All isolated cyanophages have been classified into three-tailed phage families: the Myoviridae, Podoviridae and Siphoviridae (Suttle, 2000). Typically, cyanomyoviruses are able to cross-infect a broad range of hosts, whereas cyanopodoviruses and cyanosiphoviruses are more host specific (Sullivan et al., 2003; Weigele et al., 2007; Wang and Chen, 2008). The genetic diversity of cyanomyoviruses in various aquatic environments has been explored extensively based on their conserved capsid gene (g20) (Fuller et al., 1998; Zhong et al., 2002; Wang and Chen, 2004; Filee et al., 2005; Short and Suttle, 2005; Wilhelm et al., 2006; Sullivan et al., 2008). In contrast, little is known about the diversity of cyanopodoviruses and cyanosiphoviruses.

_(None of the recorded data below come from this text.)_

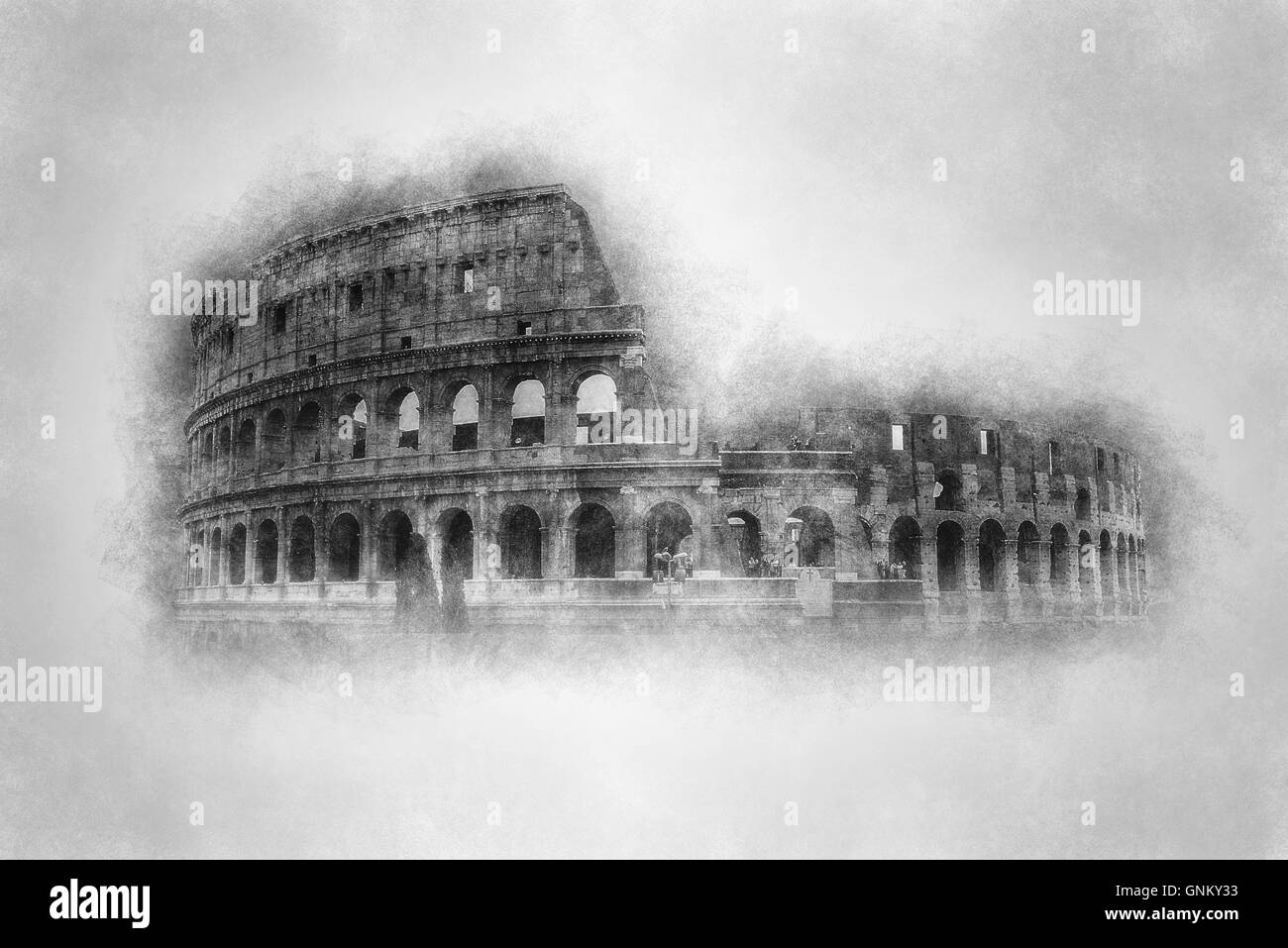 Dibujo A Lapiz De Estilo Vintage O Aguafuerte Con Papel De Tonificacion De La Historica Fachada Exterior Del Coliseo Roma Italia Con Copia Fotografia De Stock Alamy
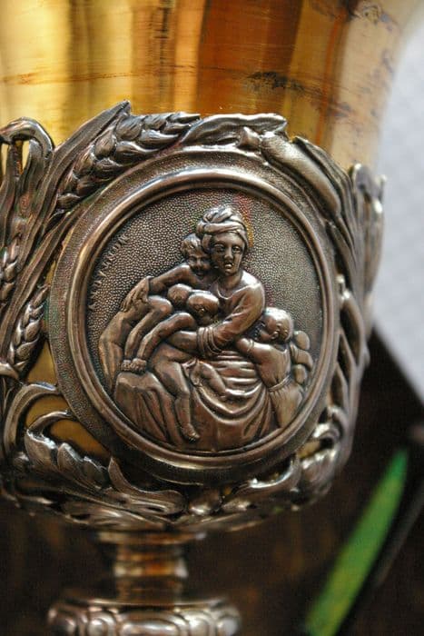 Sur le pied entre deux têtes d'angelots ailées en fort relief, trois scènes se succèdent sur un plan trapézoïdal : le Lavement des pieds, Jésus au jardin des Oliviers et la Crucifixion. Sur la coupe figurent des tableautins représentant les vertus théologales.
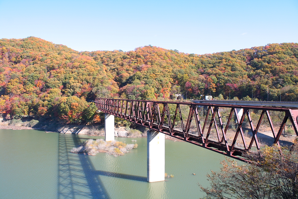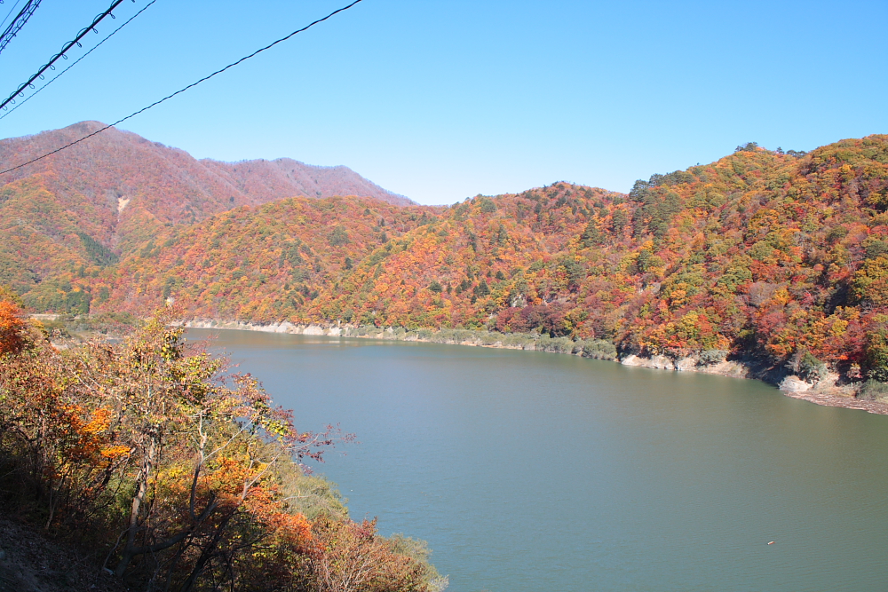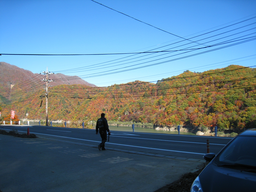 山麓の奥只見湖まで到着しました。
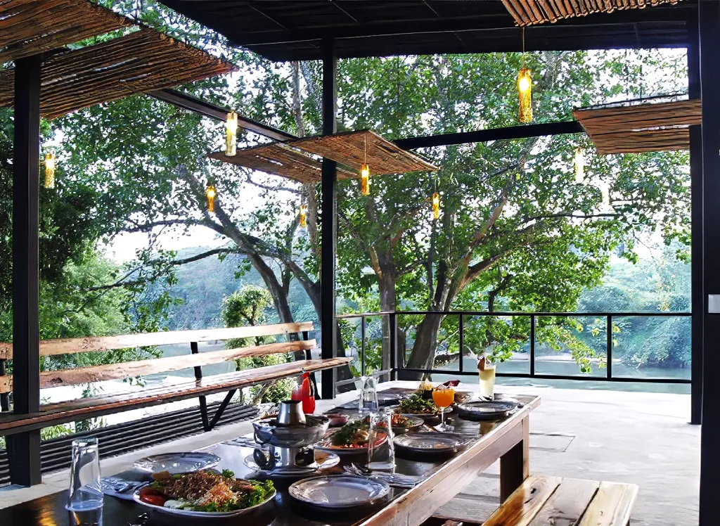 Sie können zum Beispiel Fahrräder ausleihen, Rafting betreiben oder im "Swimmingpool" im Fluss schwimmen gehen. Außerdem gibt es ein Restaurant, das eine Auswahl an thailändischer und internationaler Küche mit Panoramablick auf die Berge und den Fluss anbietet.
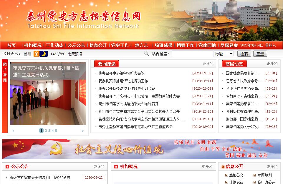 泰州市史志檔案信息網(wǎng)由泰州市史志檔案辦公室主辦。1996年11月20日,市委、市政府(泰委[1996]38號文件)研究決定,成立泰州市史志檔案辦公室(掛泰州市檔案局(館)牌子)。1997年4月11日,市編委(泰編[1997]89號)文件批復(fù),市史志檔案辦公室主管全市黨史、地方志、檔案、年鑒工作并具體負(fù)責(zé)海陵區(qū)的黨史、檔案工作;內(nèi)設(shè)10個處,具體為人秘處、檔案管理處、征集處、檔案業(yè)務(wù)指導(dǎo)一處、檔案業(yè)務(wù)指導(dǎo)二處、科教處、黨史編研一處、黨史編研二處、地方志編纂指導(dǎo)處和年鑒編輯處。1998年1月15日,市委組織部(泰組發(fā)[1998]6號)文件,確定泰州市史志檔案辦公室為參照國家公務(wù)員制度管理單位。1998年12月31日,市編委(泰編[1998]117號)文件批復(fù),同意建立泰州市檔案技術(shù)中心,主要從事檔案技術(shù)的研究與推廣應(yīng)用工作,為全民事業(yè)單位,隸屬于市史志檔案辦公室領(lǐng)導(dǎo)。2006年6月15日,市編辦(泰編辦[2006]33號)文件批復(fù),同意將黨史編研一處更名為黨史宣傳聯(lián)絡(luò)處,黨史編研二處更名為黨史編研處。2010年8月23日,中共泰州市委(泰辦發(fā)〔2010〕70號)文件批復(fù),同意將泰州市史志檔案辦公室更名為泰州市黨史方志檔案辦公室,主管全市黨史、地方志、檔案工作,為市委直屬事業(yè)單位,掛市檔案局、市檔案館牌子。設(shè)11個內(nèi)設(shè)機(jī)構(gòu),具體為綜合處、黨史宣傳聯(lián)絡(luò)處、黨史編研處、地方志編纂指導(dǎo)處、年鑒編輯處、檔案業(yè)務(wù)指導(dǎo)處、檔案法規(guī)教育處、信息技術(shù)處、征集編研處、保管利用處、現(xiàn)行文件利用處(行政許可服務(wù)處)。泰州市黨史方志檔案辦公室不再承擔(dān)海陵區(qū)的黨史、檔案工作,實行屬地管理。
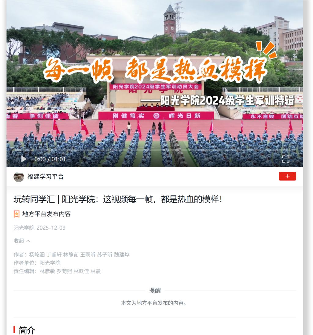福建教育网:英雄事迹再现阳光学院主题思政课
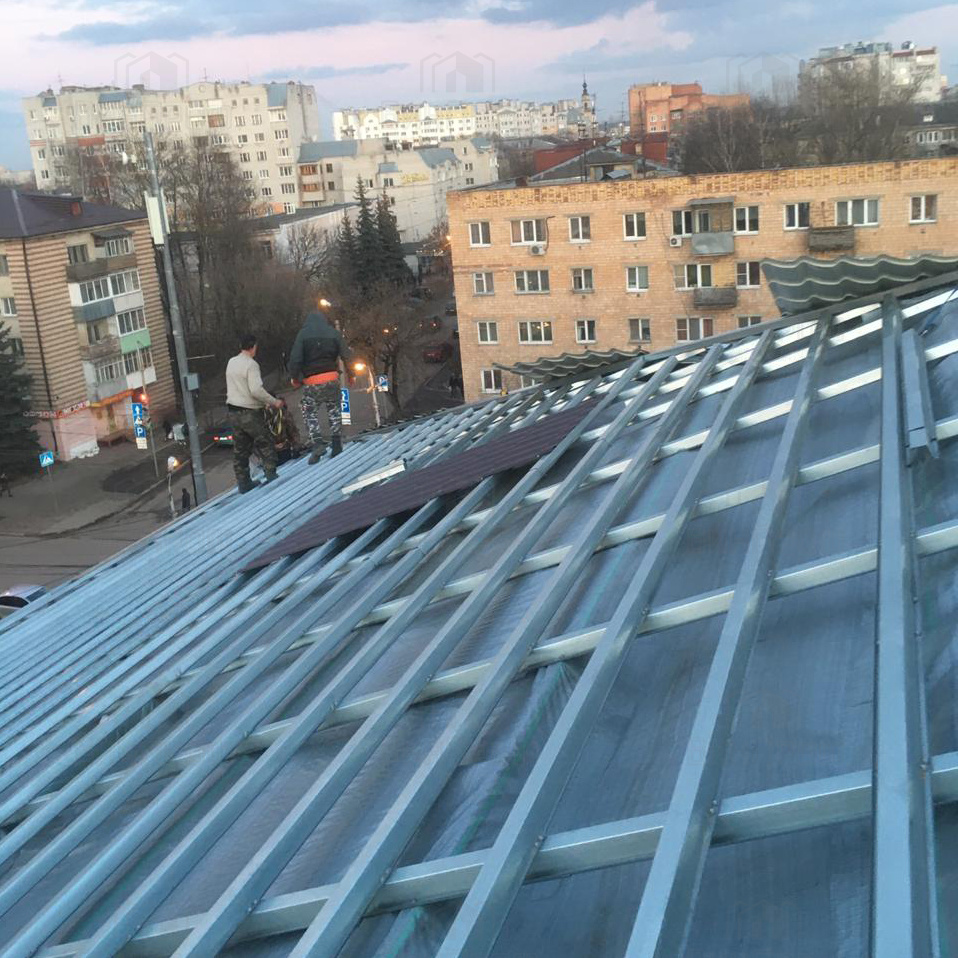 На фото полная замена кровли многоквартирного жилого дома. Максимальная длина пролета – 21 м. Общий вес металлоконструкций – 51 т. Марка стали: 350 класс цинкования – 275 г/м2.
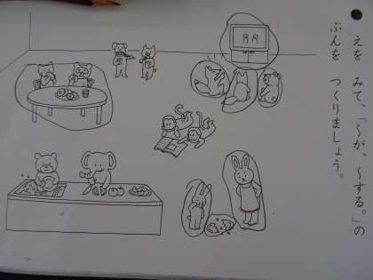 ○○が〜する。の文を書く練習をしました。

It is believed that cyanopodoviruses are important due to their high host specificity and rapid production. A recent study showed that podoviruses infecting marine picocyanobacteria contain a conserved DNA polymerase gene (DNA pol), which can be used as a gene marker to investigate the genetic diversity of these viruses (Wang and Chen, 2008). PCR amplification, cloning and sequencing of this viral DNA pol gene from field samples have uncovered new genotypes and subclusters of cyanopodoviruses in the Chesapeake Bay (Chen et al., 2009). However, given that the population structure of picocyanobacteria (the host organisms) in the coastal estuary is different from that in the open ocean (Chen et al., 2006), it has become important to survey the diversity of this group as little is known about the biogeography of the cyanopodoviruses in the open ocean. In this study, we used the same PCR primer set to explore the genetic diversity of viral communities across the global oceans, including five samples from the North Atlantic Ocean, four from the Pacific Ocean and one from the South China Sea.

Materials and methods

Water sample collection

Nine water samples (Figure 1) were collected from the surface waters of the North Atlantic Ocean in May and June 2005 (on the R/V Seward Johnson), and from the Pacific Ocean in January 2007 (on the R/V Kilo Moana) and September 2008 (on the R/V Tangaroa). All water samples were collected using Niskin bottles attached to the ships’ rosette systems. Twenty liters of water was prefiltered through 142-mm diameter GF/F filters (Whatman, Clifton, NJ, USA) and then through 0.45- and/or 0.22-μm nominal pore-size 142-mm diameter polycarbonate filters (Millipore, Bedford, MA, USA). The virus-size fraction was then concentrated to ∼500 ml using Millipore's M12 ProFlux tangential flow filtration with a 30 kDa cutoff filter cartridge (S10Y30; Millipore). One water sample, SCS1, was collected from the surface water of the South China Sea in November 2006 (on the R/V Dong Fang Hong II) (Figure 1). Water was prefiltered through 198-mm diameter 3-μm pore-size filters (Millipore) and viral concentrates were condensed from 50 l to a final volume of 1 l on board by the same kind of tangential flow filtration facility. All the virus concentrates were stored in the dark at 4 °C. Temperature, salinity and the concentration of chlorophyll a at all the sampling sites are shown in Table 1.

Figure 1
figure 1

The locations of sampling sites. Ten locations were indicated by pink solid circles with their station names beside. Sampling sites were localized by using Surfer software (Golden Graphics, Golden, CO, USA). The base-map was an annual composite of chlorophyll a concentration in 2005 obtained from the NASA website (http://oceancolor.gsfc.nasa.gov/).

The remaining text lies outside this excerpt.